This video shows how it works:
git.
In all honesty, I'd just write a bash script, potentially reading from a file listing all the dotfiles you want to back up, copy them into some directory and pushing to a git repo. Run that script on a systemd timer (or manually) and write another script deploying them into the correct locations
My own intricate system of 4 git repos to manage dotfiles, bash initialization, cli tools/scripts, and system state.
The last one keeps track of installed packages and "dotfiles" out of the home directory (system config files like /etc/hosts).
Currently using stow, but in the process of switching to home manager from nix. Syncing via git.
Interesting - can I ask why you prefer home-manager to stow?
Can't say I'd prefer it yet. Still figuring out how nix works.

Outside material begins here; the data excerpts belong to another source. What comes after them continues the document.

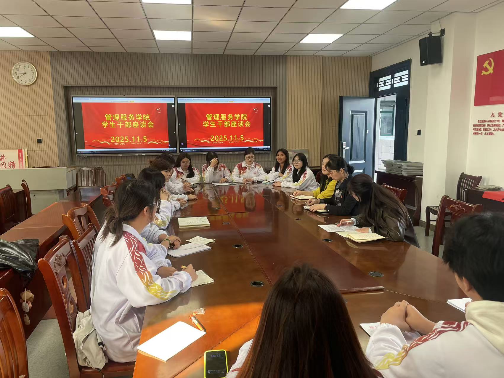 随后,学院组织召开第八届学生委员会第一次全体会议暨学生干部座谈会。学生干部们直奔主题,围绕工作中遇到的实际困难与改进思路畅所欲言。面对大家的困惑,丁凡现场逐一解答,并表示学院将致力于打造学习型组织,把常态化的业务研讨与针对性的专题培训紧密结合,为学生干部的持续成长赋能助力。她希望学生干部坚持问题导向和目标导向,确保各项工作落到实处、取得实效。团总支书记梁妞就打造品牌活动、创新宣传形式等方面提出指导意见,鼓励结合专业特色,推动“一院一品”文化建设。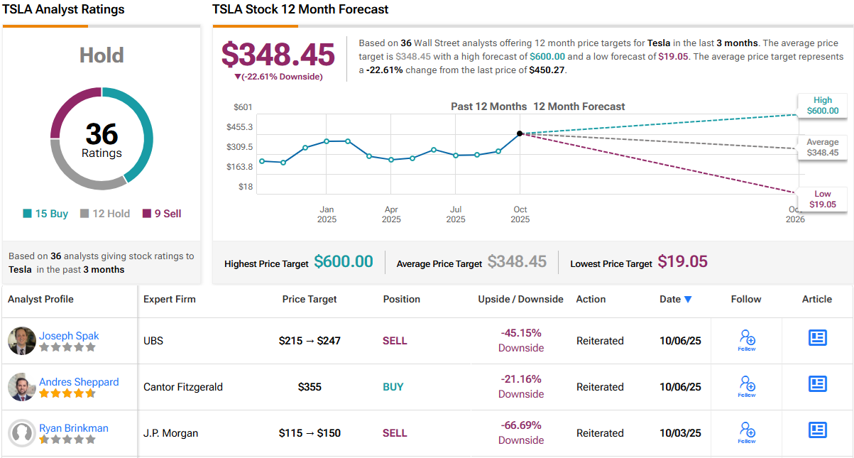 이는 특히 더 넓은 증권가 분위기와 비교할 때 확실히 강세적인 입장이다. 매수 15개, 보유 12개, 매도 9개의 혼재 속에서 테슬라는 보유(즉, 중립) 컨센서스 등급만을 받고 있다. 그리고 평균 목표주가 348.45달러로, 애널리스트들은 집단적으로 주식이 이미 그들이 생각하는 적정 수준을 약 23% 넘어섰다고 시사한다. (TSLA 주가 전망 참조)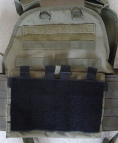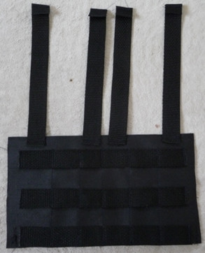 This attaches to a MOLLE surface to allow the attachment of a placard (which mounts onto velcro) for fast swapping of loadouts or for use to convert a concealment vest into an overt vest while in combat.
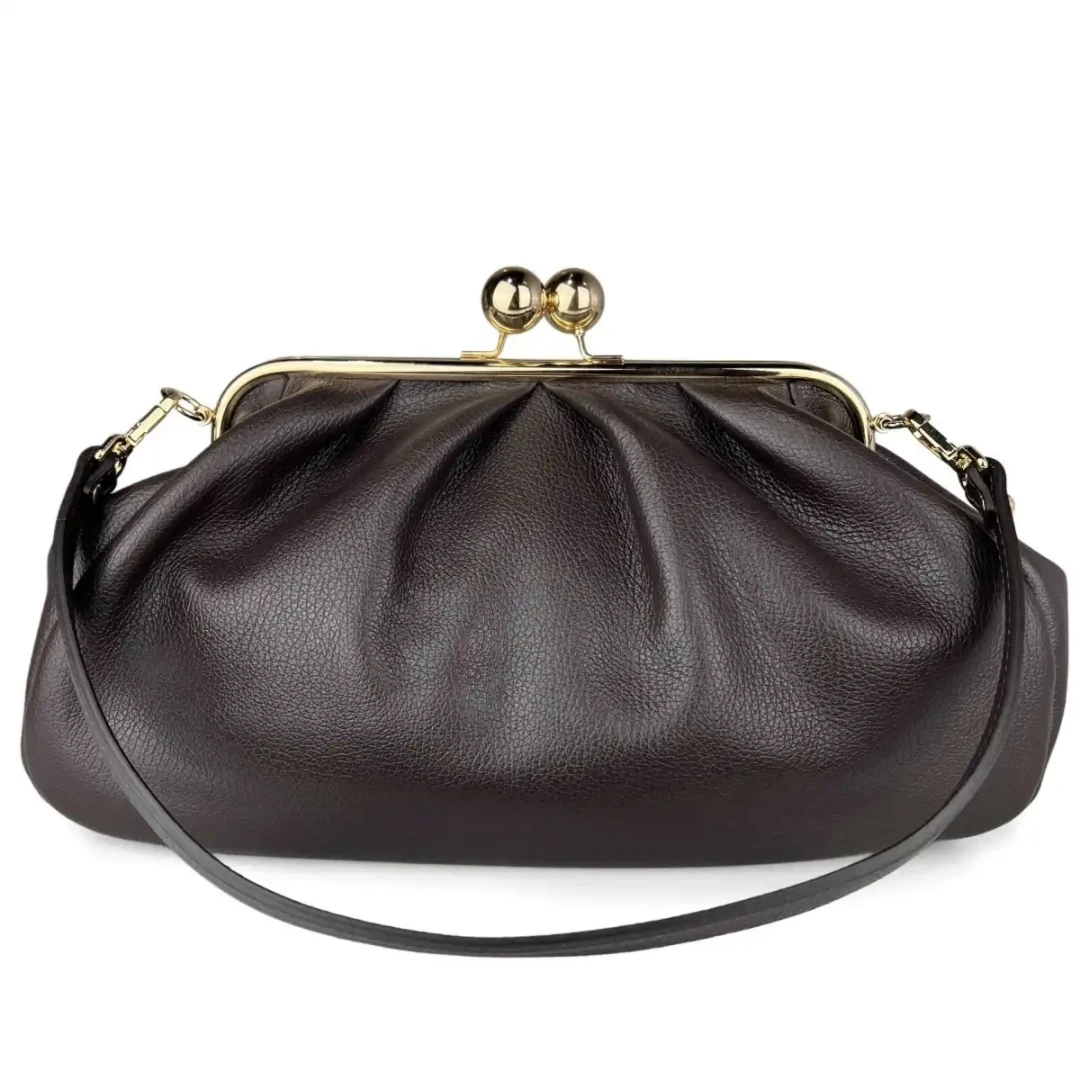 Torebka damska wykonana z naturalnej skóry , zamykana na bigiel - Maxi Clutch Bag ( Kisslock / Frame Bag ) . Stylowy fason z nuta retro , pięknie uzupełni każdą kreację.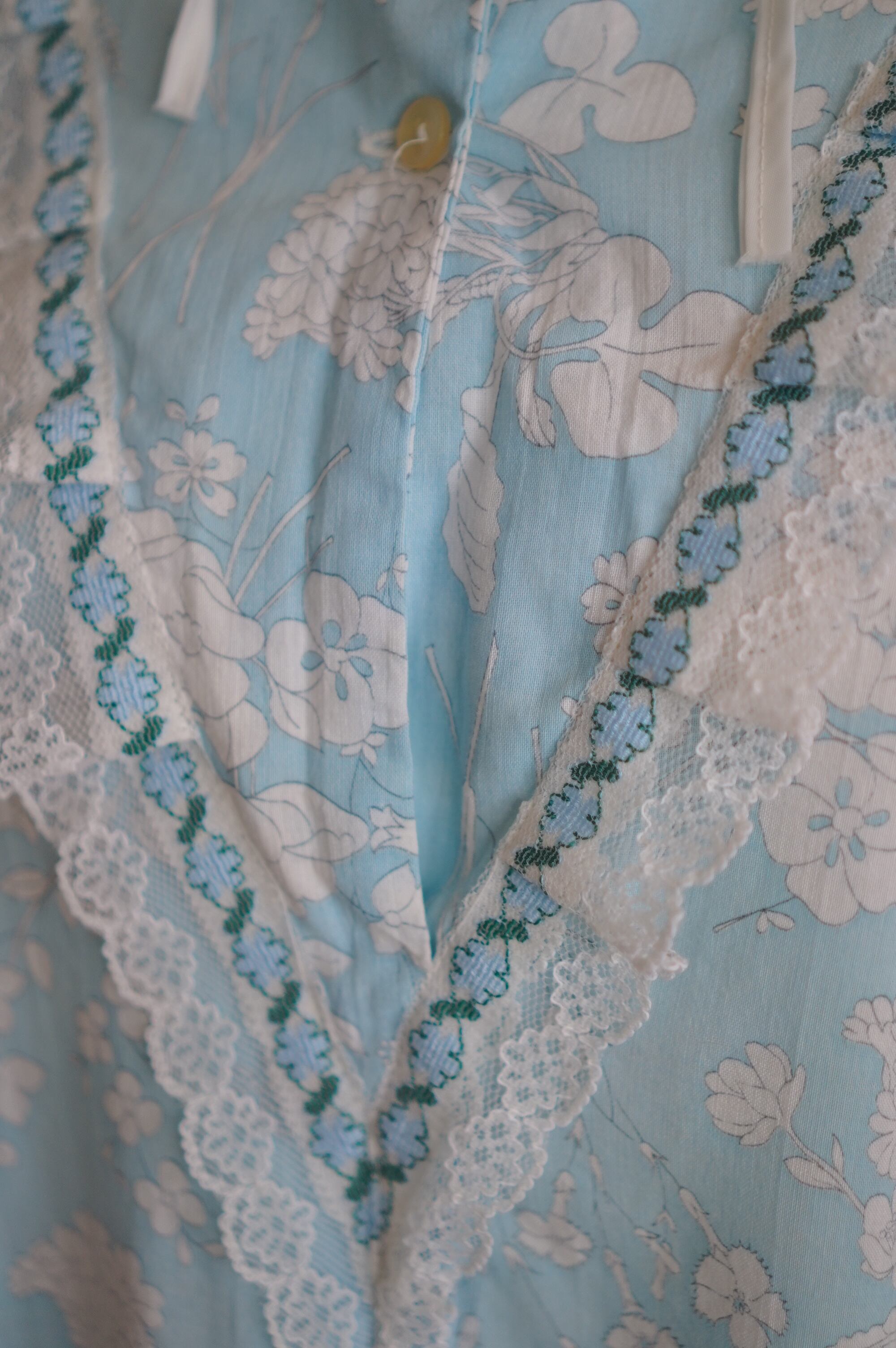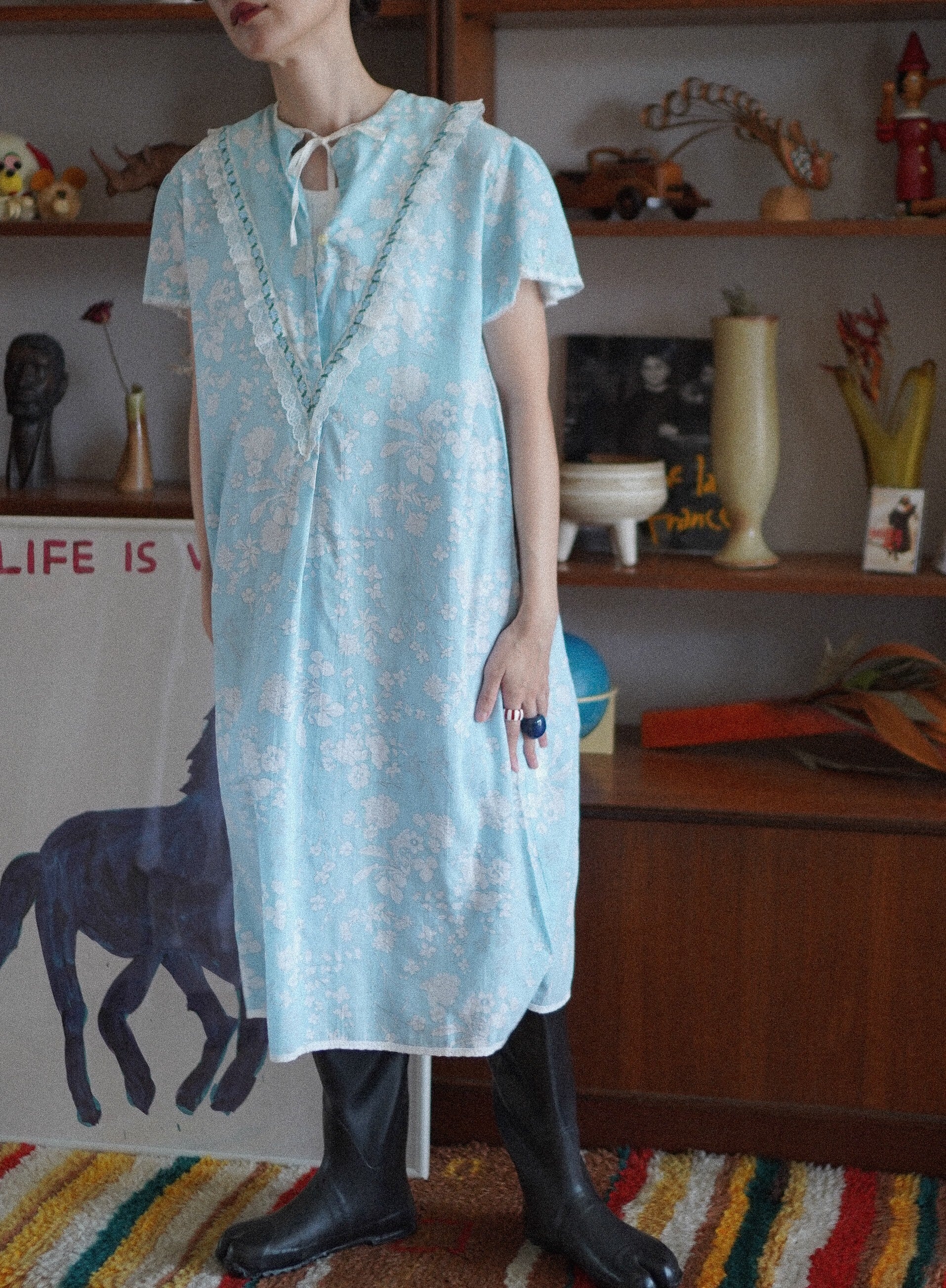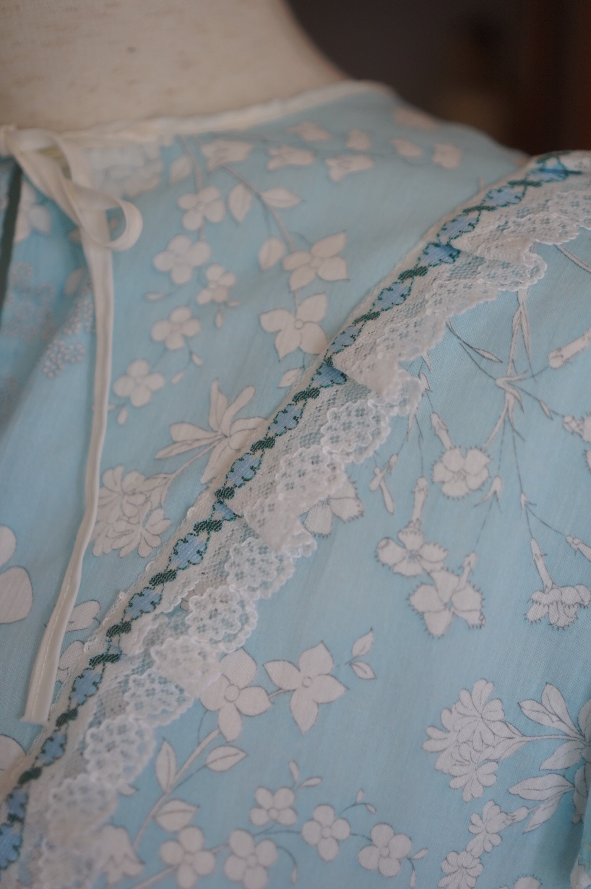 淡いスカイブルーに白いお花のプリントがキュートなヴィンテージナイトドレス。Vラインに重ねられたホワイトレースと、ポイントで使われたブルーのフラワーレースがチャームポイント。ネックラインはリボンで結ぶデザインで、バックスタイルもほんのりガーリーでキュートです。さらっとしたコットン生地で、夏でも快適に着ていただけます。秋はスウェットとロングブーツを合わせてもキュートです。冬はもこもこなニットと合わせても愛くるしいです。-sky blue floral night dress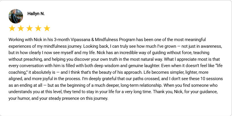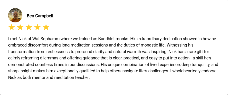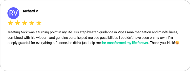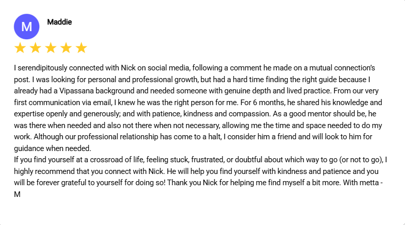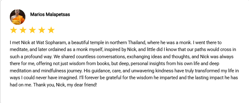 These are just a few notes from people I’ve guided in Vipassana & mindfulness practices — some in the quiet of the temple, others through my online Vipassana mentoring program and some through a blend of all my experience in career and life. A small window into many quiet transformations from anxiety and worry to peace and contentment. A few monks among them as well…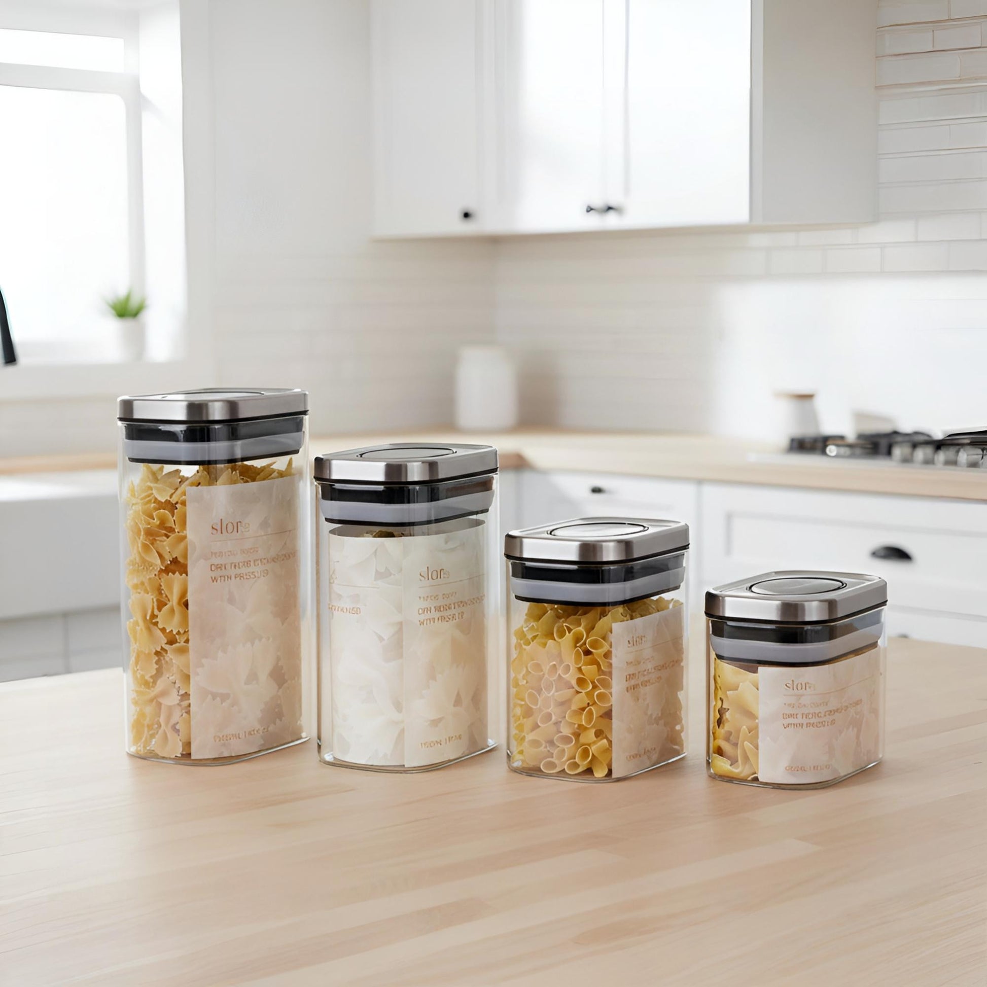 Keep your kitchen fresh and organised with our Glass Storage Container with Press Lid, crafted from premium borosilicate glass and topped with an airtight stainless steel press lid. Designed to lock in freshness, it’s perfect for storing pantry staples like flour, sugar, pasta, or spices. Lightweight yet durable, this container blends function and elegance for modern kitchen organisation.

It's nice to configure your programs similar to the rest of your system (a lot of programs have modules in home-manager), on the other hand using home-manager always feels somewhat iffy to me because some configurations require root commands to apply your user configuration changes, or you're missing out on certain home-manager features like using global packages I think.
I use a Git repo for the files, and a simple Makefile to script the correct paths and optional install steps for them
I've used homeshick https://github.com/andsens/homeshick for a few years and it's been running fine. It can load two git repos, one common public repo and one private one for work config.
Git and stow.
Tried some different things, including a few months on NixOS. Git and stow are as easy as it gets.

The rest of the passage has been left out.